→ **Dataset excerpt**

+ + +

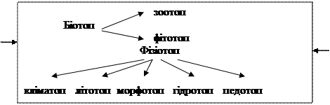 Геосистеми, різні за розмірами розрізняють залежно від: - факторів, що визначають їх внутрішню структуру, - основних підхордів та методів дослідження, - цілей наукових та практичних знань. Виділяють 6 рівнів територіальної розмірності геосистем: 1. Глобальний (планетарний) – географічна оболонка (досліджується загальним землезнавством). 2. Субглобальний – визначається двома факторами: кулеподібністю форми Землі та плитовою тектонікою. Ці фактори зумовили формування таких геосистем, як географічні пояси, континенти, субконтиненти. Субконтиненти – це найменші територіальні одиниці, близькі до такої одиниці як фізико-географічні країни. Їх внутрішня територріальна структура визначається такими факторами як розташування щодо океанів та гірських систем,, загальної циркуляції атмосфери тощо. 3. Регіональний – зони, підзони, області, провінції. Геосистемою, за критеріями виділення та змістом близькою до фізико-географічної області є макрогеохора. Вона розглядається як найменша одиниця регіонального рівня та найбільша місцевого (хоричного). Особливістю є те, що регіональні геосистеми сформувалися під беспосереднім впливом зовнішніх планетарно-астрономічних факторів. 4. Хоричний – (В основі відособлення геосистем хоричного рівня лежить суто внутрішні ландшафтно-екологічні фактори, які у сфері взаємодії геокомпонентів трансформують зовнішні сигнали: тектонічні рухи, надходження тепла, вологи тощо. До таких факторів належать екзогенні процеси, що створюють різноманітні форми та елементи рельєфу, відповідно змінюється величина сонячної радіації, перерозподідляється волога, мінеральні речовини тощо.) на цьому рівні чітко виділяють такі структури як ландшафт, місцевіть, урочище, фація (геотоп). 5. Топічний – геотоп (фація), ландшафтно-екологічні дослідження на цьому рівні зводяться до виділення геотопів та аналізу їх вертикальних структур. 6. Субтопічний – частини фацій, що характеризуються специфічними розмірами, діяльністю існування, факторами виникнення та ін. Елементарна ландшафтно-екологічна територіальна одиниця – геотоп (за старою назвою – фація). Якщо в межах деякої ділянки жоден з геокомпонентів не вдається розділити на два рзних кваліфікаційних підроділи то така ділянка може вважатися за однорідну (елементарну). Ніякої природної межі (грунтової, геоботанічної тощо) через геотоп провести не можна. Однак, штучно можна виділити геокомпоненти і за їх типами розділяють геотопи. За факторами топічної диференціації ландшафту виділяють: - морфотопи (однорідні елементарні поверхні рельєфу), - літотопи (ділянки, однорідні за геологічною будовою), - гідротопи (за умовами зволоження), - кліматопи (за мікрокліматом), - педотопи (за грунтом), - фітотопи (за рослинністю), - зоотопи (за тваринним населенням). Їх проторовий збіг та взаємодія утворюють комплексну територіальну одиницю – геотоп. Структура геотопу представлена на рисунку:
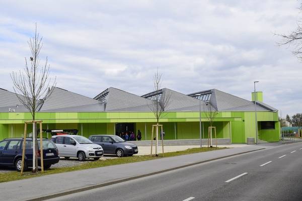 Um dem geforderten Schallschutz gerecht zu werden, wurden für die Bekleidung der Innenwände akustisch wirksame Prallschutzwände und für die äußere Fassade eine witterungsbeständige Bekleidung aus acetylierten Dreischichtplatten eingesetzt. Die bis zur Unterkante des Tragwerks 7 m hohe Halle musste an das städtebauliche Umfeld angepasst werden und sollte aus Rücksicht auf die Nachbarbebauung eine möglichst geringe Gebäudehöhe aufweisen. Aus diesem Grund wurde die Bodenplatte aus Stahlbeton vertieft in das Erdreich abgesenkt. Es entstand für den Nebenraumtrakt eine zweigeschossige Lösung.
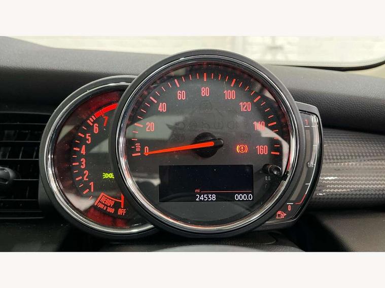 Acoustic seat-belt warning, Basic bluetooth function with USB audio, Brake fluid level warning light, Brake pad wear indicator warning light, DTC - Dynamic traction control, Exterior temperature gauge, Intelligent emergency call, MINI TeleServices, Oil level indicator, On board computer, Push button starter, Service interval indicator, Servotronic PAS, Electronic differential lock, Auxiliary input socket, DAB digital radio module, 2 speed wipers+intermittent wipe, Anti dazzle mirror, Anti trapping/one touch open close front windows, Body coloured bumpers, Chrome bezels around rear lights and headlights, Chrome door handles, Chrome exhaust tailpipe, Chrome grille surround, Chrome plated trim on bottom edge of window, Chrome strip on lower grille, Electric front windows, Electric rear windows, Electrically adjustable door mirrors, Flared wheel arches, Follow me home headlights, Green tinted heat insulating glass, Heated door mirrors/heated windscreen washers, Heated rear window with auto timer, High gloss black tailgate, LED fog lights, LED rear lights, Rear wiper, Side scuttles, White indicator lights, 2 rear head restraints, 4 boot load lashing points, 4 way manually adjustable passenger seat with height, reach, tilt, backrest and headrest, 6-way manually adjustable driver's seat, Active carbon filter, Adjustable front seats backrest, Air recirculation system, Auxiliary socket in centre console storage compartment, Centre console storage, Driver's seat height adjuster, Driver/passenger sunvisors, Easy entry seats, Front and rear cupholders, Front head restraints, Front passenger grab handle, Gear/selector and handbrake in artificial leather, Internal chrome door handles, Isofix child seat preparation, Luggage compartment lighting, Multifunction steering wheel, Reach + rake adjustable steering column, Rear grab handles, Rear storage trays, Split folding rear seats, Storage compartments in doors, Toolkit in luggage compartment, 3 point seatbelts, 3x3 point rear seatbelts, ABS/EBD, ASC+T, Cornering brake control (CBC), Crash Sensor - activates hazard/interior lighting + unlocks doors, Driver and passenger airbags, Driver/front passenger side airbags, DSC - Dynamic Stability Control, Fuel cut off safety device, Head airbags, Hill start assist, Passenger airbag deactivation system, Seatbelt pretensioners, Tyre pressure warning, Ventilated front disc brakes, Drive away door locking, Locking wheel bolts, Remote central locking/doors+fuel cap+tailgate, Second remote key, Thatcham category 1 alarm + immobiliser,

+ + +

→ **Required action**
Transcribe all the lines above exactly, apart from the pictures.

→ **Task response**
 Геосистеми, різні за розмірами розрізняють залежно від: - факторів, що визначають їх внутрішню структуру, - основних підхордів та методів дослідження, - цілей наукових та практичних знань. Виділяють 6 рівнів територіальної розмірності геосистем: 1. Глобальний (планетарний) – географічна оболонка (досліджується загальним землезнавством). 2. Субглобальний – визначається двома факторами: кулеподібністю форми Землі та плитовою тектонікою. Ці фактори зумовили формування таких геосистем, як географічні пояси, континенти, субконтиненти. Субконтиненти – це найменші територіальні одиниці, близькі до такої одиниці як фізико-географічні країни. Їх внутрішня територріальна структура визначається такими факторами як розташування щодо океанів та гірських систем,, загальної циркуляції атмосфери тощо. 3. Регіональний – зони, підзони, області, провінції. Геосистемою, за критеріями виділення та змістом близькою до фізико-географічної області є макрогеохора. Вона розглядається як найменша одиниця регіонального рівня та найбільша місцевого (хоричного). Особливістю є те, що регіональні геосистеми сформувалися під беспосереднім впливом зовнішніх планетарно-астрономічних факторів. 4. Хоричний – (В основі відособлення геосистем хоричного рівня лежить суто внутрішні ландшафтно-екологічні фактори, які у сфері взаємодії геокомпонентів трансформують зовнішні сигнали: тектонічні рухи, надходження тепла, вологи тощо. До таких факторів належать екзогенні процеси, що створюють різноманітні форми та елементи рельєфу, відповідно змінюється величина сонячної радіації, перерозподідляється волога, мінеральні речовини тощо.) на цьому рівні чітко виділяють такі структури як ландшафт, місцевіть, урочище, фація (геотоп). 5. Топічний – геотоп (фація), ландшафтно-екологічні дослідження на цьому рівні зводяться до виділення геотопів та аналізу їх вертикальних структур. 6. Субтопічний – частини фацій, що характеризуються специфічними розмірами, діяльністю існування, факторами виникнення та ін. Елементарна ландшафтно-екологічна територіальна одиниця – геотоп (за старою назвою – фація). Якщо в межах деякої ділянки жоден з геокомпонентів не вдається розділити на два рзних кваліфікаційних підроділи то така ділянка може вважатися за однорідну (елементарну). Ніякої природної межі (грунтової, геоботанічної тощо) через геотоп провести не можна. Однак, штучно можна виділити геокомпоненти і за їх типами розділяють геотопи. За факторами топічної диференціації ландшафту виділяють: - морфотопи (однорідні елементарні поверхні рельєфу), - літотопи (ділянки, однорідні за геологічною будовою), - гідротопи (за умовами зволоження), - кліматопи (за мікрокліматом), - педотопи (за грунтом), - фітотопи (за рослинністю), - зоотопи (за тваринним населенням). Їх проторовий збіг та взаємодія утворюють комплексну територіальну одиницю – геотоп. Структура геотопу представлена на рисунку:
 Um dem geforderten Schallschutz gerecht zu werden, wurden für die Bekleidung der Innenwände akustisch wirksame Prallschutzwände und für die äußere Fassade eine witterungsbeständige Bekleidung aus acetylierten Dreischichtplatten eingesetzt. Die bis zur Unterkante des Tragwerks 7 m hohe Halle musste an das städtebauliche Umfeld angepasst werden und sollte aus Rücksicht auf die Nachbarbebauung eine möglichst geringe Gebäudehöhe aufweisen. Aus diesem Grund wurde die Bodenplatte aus Stahlbeton vertieft in das Erdreich abgesenkt. Es entstand für den Nebenraumtrakt eine zweigeschossige Lösung.
 Acoustic seat-belt warning, Basic bluetooth function with USB audio, Brake fluid level warning light, Brake pad wear indicator warning light, DTC - Dynamic traction control, Exterior temperature gauge, Intelligent emergency call, MINI TeleServices, Oil level indicator, On board computer, Push button starter, Service interval indicator, Servotronic PAS, Electronic differential lock, Auxiliary input socket, DAB digital radio module, 2 speed wipers+intermittent wipe, Anti dazzle mirror, Anti trapping/one touch open close front windows, Body coloured bumpers, Chrome bezels around rear lights and headlights, Chrome door handles, Chrome exhaust tailpipe, Chrome grille surround, Chrome plated trim on bottom edge of window, Chrome strip on lower grille, Electric front windows, Electric rear windows, Electrically adjustable door mirrors, Flared wheel arches, Follow me home headlights, Green tinted heat insulating glass, Heated door mirrors/heated windscreen washers, Heated rear window with auto timer, High gloss black tailgate, LED fog lights, LED rear lights, Rear wiper, Side scuttles, White indicator lights, 2 rear head restraints, 4 boot load lashing points, 4 way manually adjustable passenger seat with height, reach, tilt, backrest and headrest, 6-way manually adjustable driver's seat, Active carbon filter, Adjustable front seats backrest, Air recirculation system, Auxiliary socket in centre console storage compartment, Centre console storage, Driver's seat height adjuster, Driver/passenger sunvisors, Easy entry seats, Front and rear cupholders, Front head restraints, Front passenger grab handle, Gear/selector and handbrake in artificial leather, Internal chrome door handles, Isofix child seat preparation, Luggage compartment lighting, Multifunction steering wheel, Reach + rake adjustable steering column, Rear grab handles, Rear storage trays, Split folding rear seats, Storage compartments in doors, Toolkit in luggage compartment, 3 point seatbelts, 3x3 point rear seatbelts, ABS/EBD, ASC+T, Cornering brake control (CBC), Crash Sensor - activates hazard/interior lighting + unlocks doors, Driver and passenger airbags, Driver/front passenger side airbags, DSC - Dynamic Stability Control, Fuel cut off safety device, Head airbags, Hill start assist, Passenger airbag deactivation system, Seatbelt pretensioners, Tyre pressure warning, Ventilated front disc brakes, Drive away door locking, Locking wheel bolts, Remote central locking/doors+fuel cap+tailgate, Second remote key, Thatcham category 1 alarm + immobiliser,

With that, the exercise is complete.